Martínez de Hoz was desperate, because he had no way out of the board without devaluing and without destroying his anti-inflationary program. But if he did not devalue he was close to being without reservations since everything exploded. The situation became dramatic.
Thus, at the end of December 1980, the Tablica was finished and in January it was replaced by a system of exchange bands, which did not work much.
Already in February a 10% devaluation was performed to decompress the exchange tension, but that did not brought calm but exacerbated stock marketing.
When in March Martínez de Hoz had his replacement, Lorenzo Sigaut, This could not control the currency and there was since then a chaotic succession of devaluations that continued to sink the economy, fired inflation and submerged everything in even greater chaos.

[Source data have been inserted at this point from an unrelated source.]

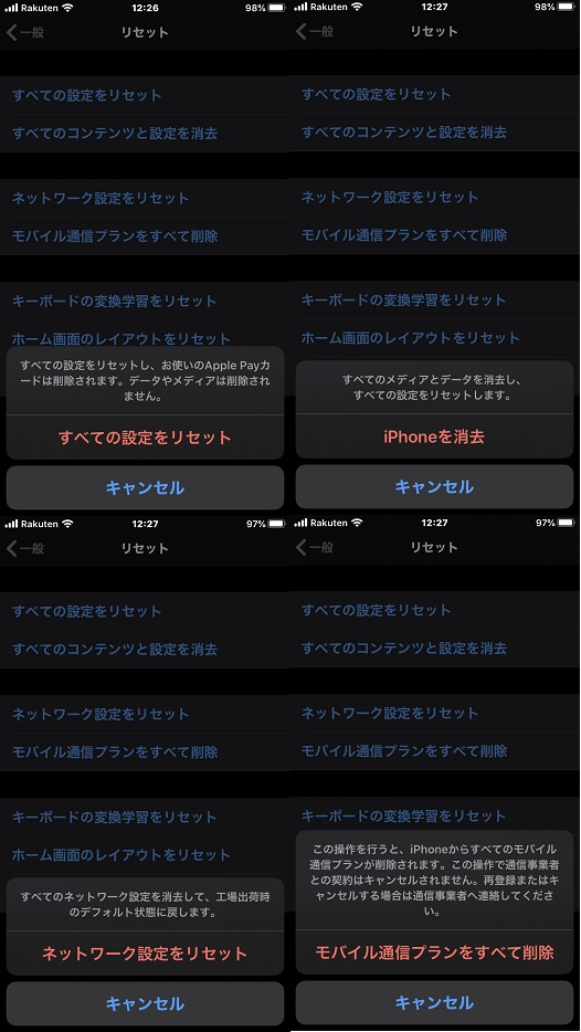 iPhone SE(2020) iOS13.7ですが、eSIM情報(Rakuten)を残したままリセットする方法で、
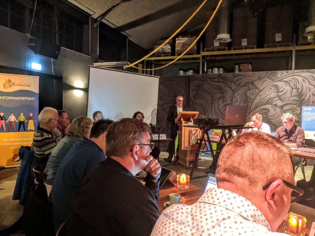 Benno van Tilburg spreekt in namens de IJsselmeervereniging op de raadsvergadering in Brouwerij de Werf
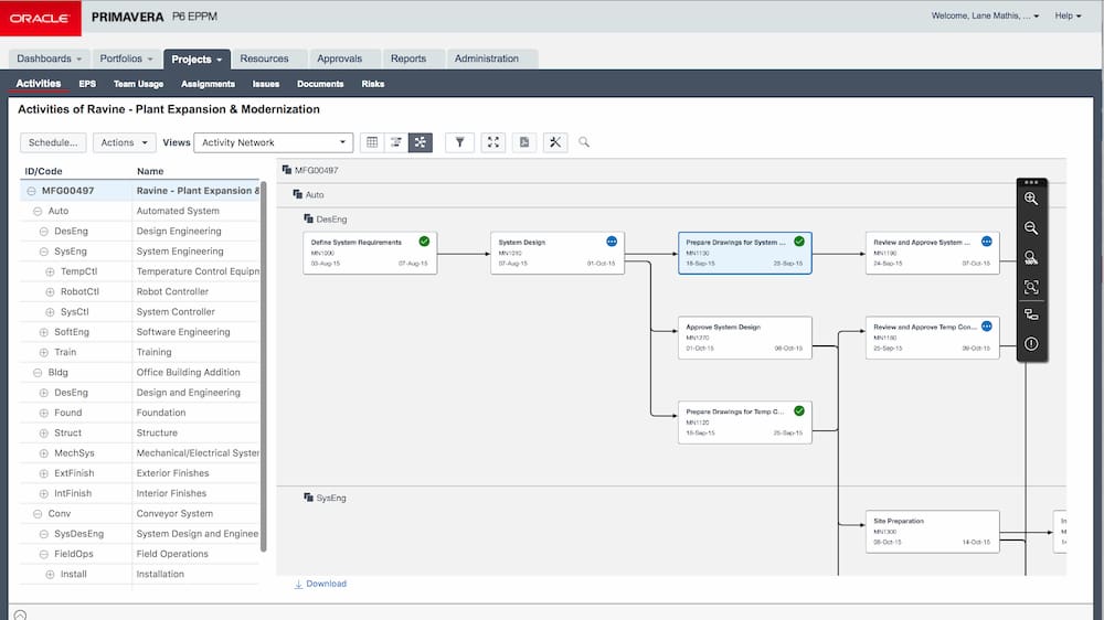 | Çizelgeleme | P6 CPM -Kritik Yol Metoduna dayalı çizelgeme algoritmasının yanısıra, kaynak dengeleme ve birden fazla bolluk yolu belirleme gibi analiz yöntemleri sunar. Projedeki gecikmeleri ve nedenlerini anlamanızı sağlayan planlar üretmenizi sağlar. |
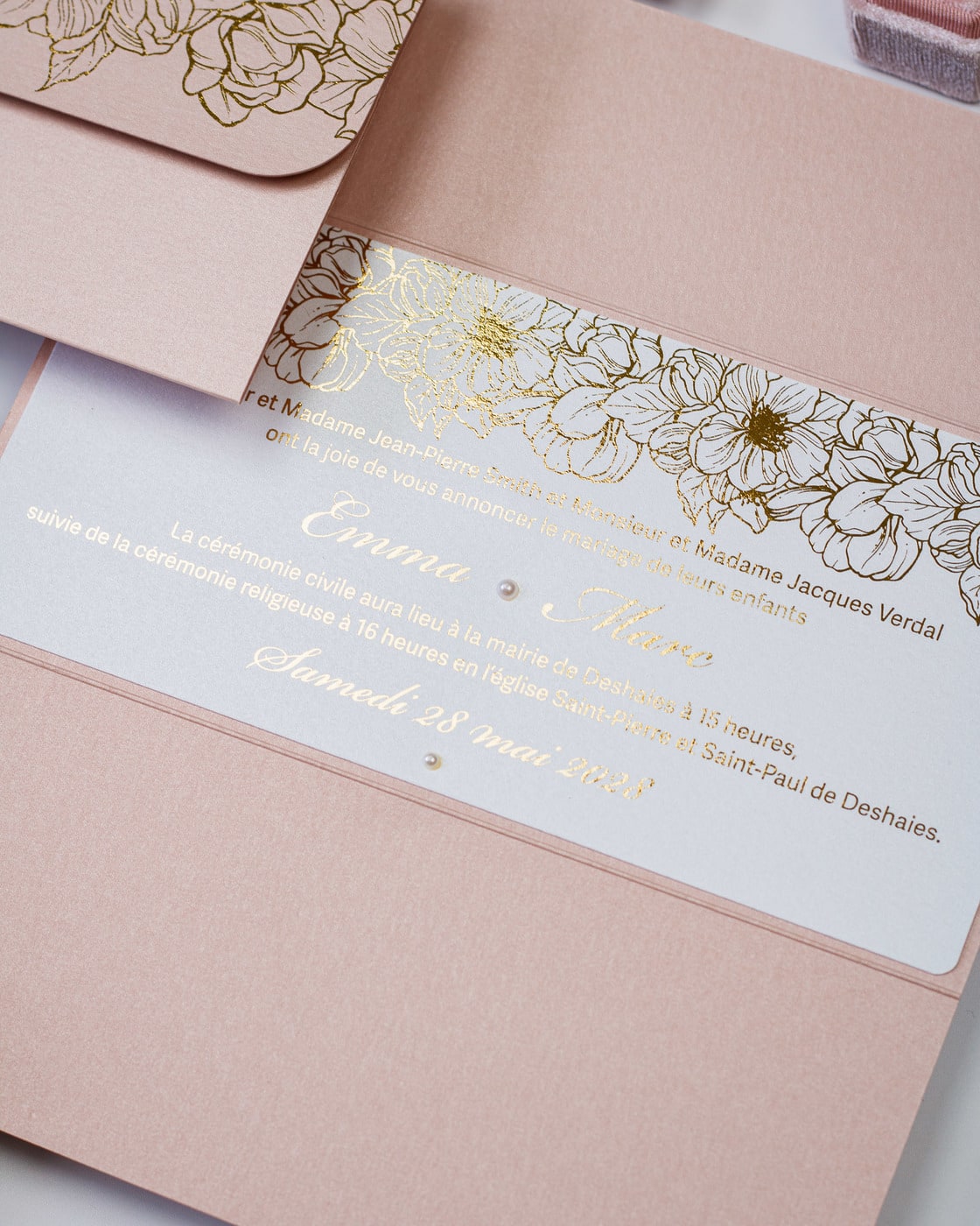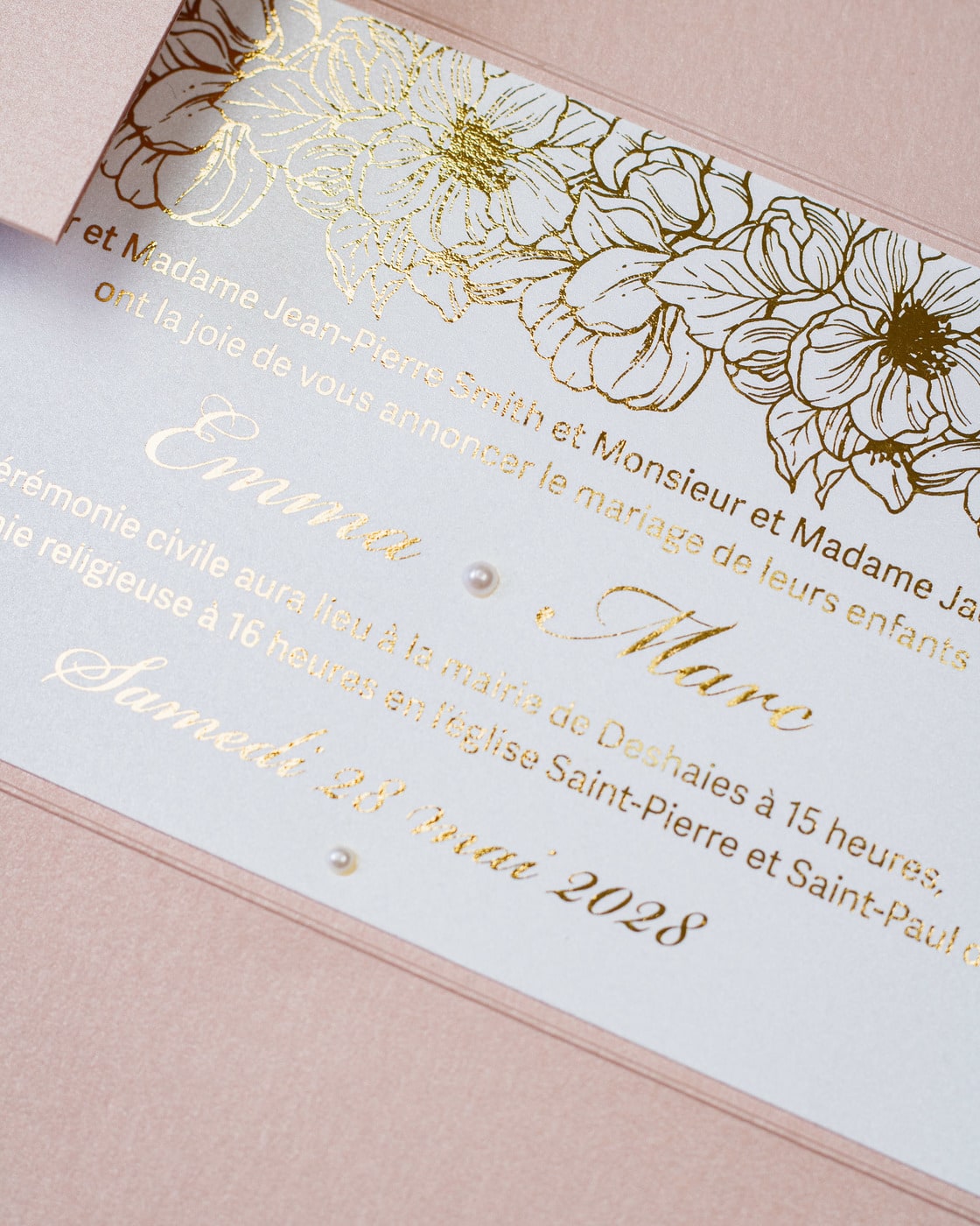Faire-part de mariage simple et élégant sublimé par la dorure et orné d'une perle blanche.
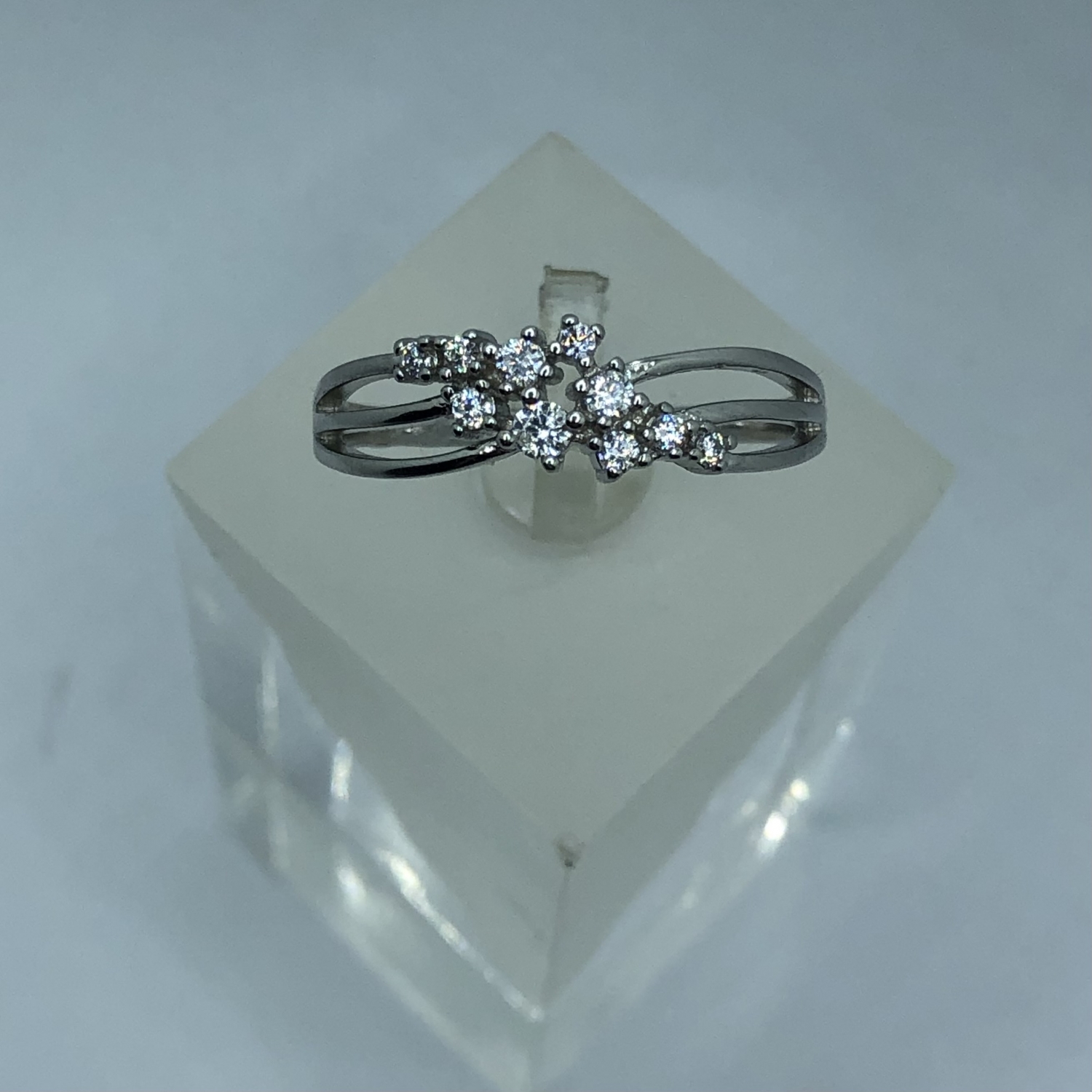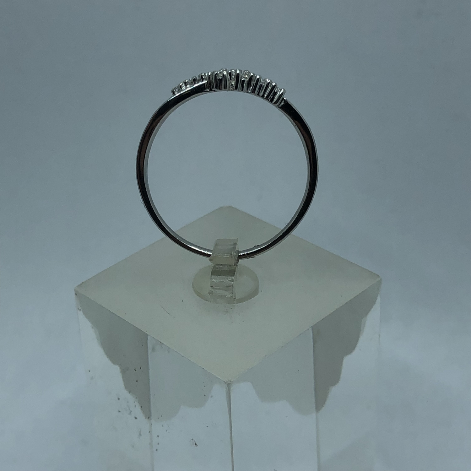 Modern mintájú ezüst gyűrű,fehér kövekkel,rhódiumozott felülettel.Nagy méret. Legszélesebb része 7,1 mm. Mérete:60 Súlya:2,59gramm
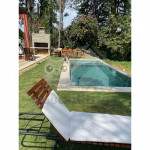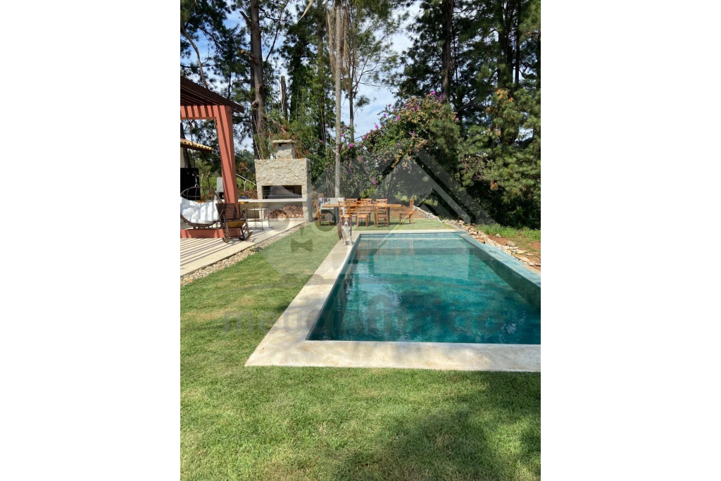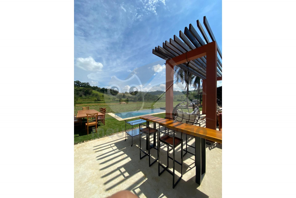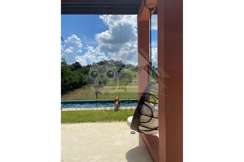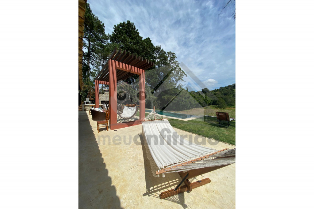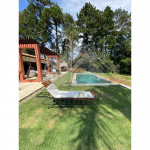 Nossa casa acomoda até 22 pessoas em duas casas com 10 suítes no total, uma casa possui 6 suítes e outra possui 4 suítes e uma área de lazer com piscina de borda infinita, forno de pizza a lenha, churrasqueira de parrilla argentina e cadeiras de balanço suspensas. Na parte externa da casa também se destaca o nosso ranchinho do lago - onde podem ser realizados momentos de meditação ou pesca esportiva.
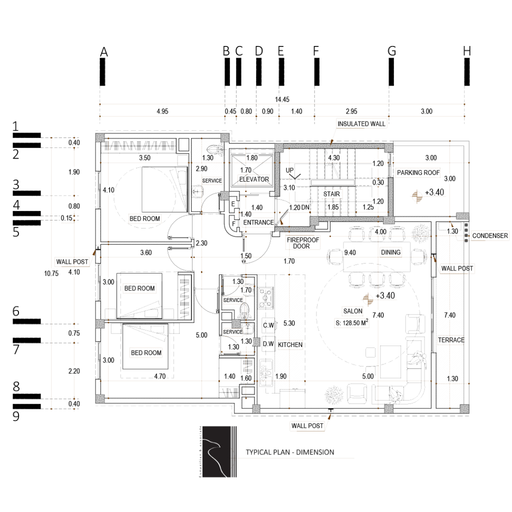 🟡استفاده از جانپناه شیشه ایی و فلاورباکس در تراس تلاش برای اتصال ساختمان به آیکون فضای سبز محوطه است.
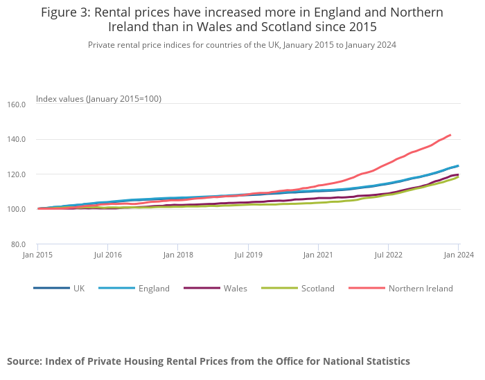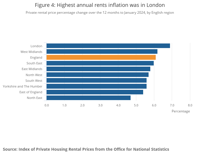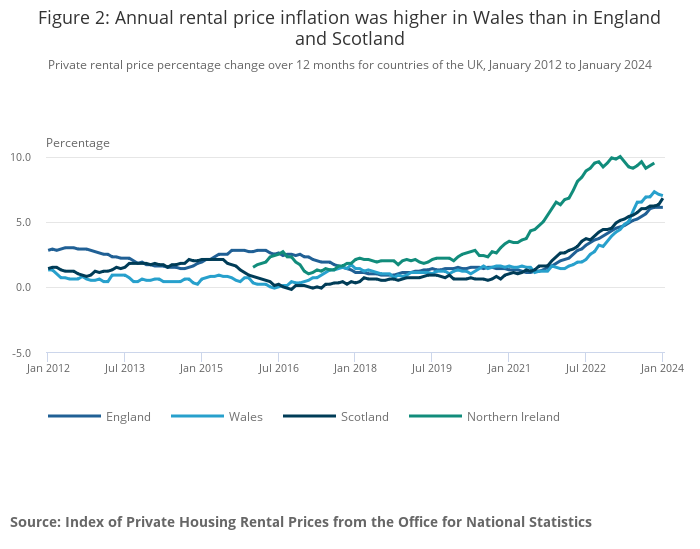Annual private rental prices increased by 6.1% in England, 7.0% in Wales and 6.8% in Scotland in the 12 months to January 2024.
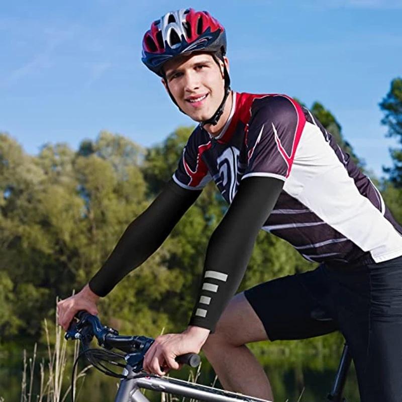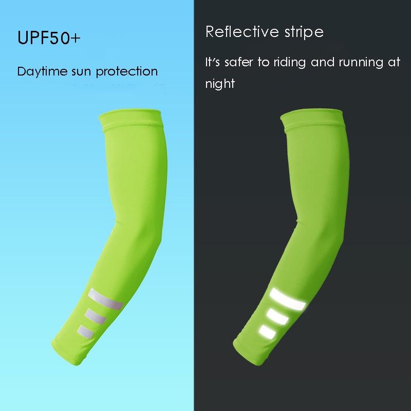 Хорошая видимость: компрессионные рукава для защиты рук оснащены светоотражающими ремнями, которые обеспечивают хорошую видимость в ночное время и обеспечивают безопасность при езде на велосипеде, ходьбе или беге.; Рукава имеют яркий цвет, который легко сочетается с различными нарядами.

The final result of the tab was to rekindle the devaluation rate and accelerate inflation. The commercial balance was catastrophic, damaging the industry, the salary, the field, to the banking system and increasing the debt. Thus poverty increased and in a few months viola would suffer an internal blow that would strip him of power when the situation was so terrible.
Hopefully Milei learn from the lessons of the past and that your exchange scheme does not end the same.
Economist. CONICET researcher. Author of the book Martínez de Hoz. The civil chief of the dictatorship. Continent editions.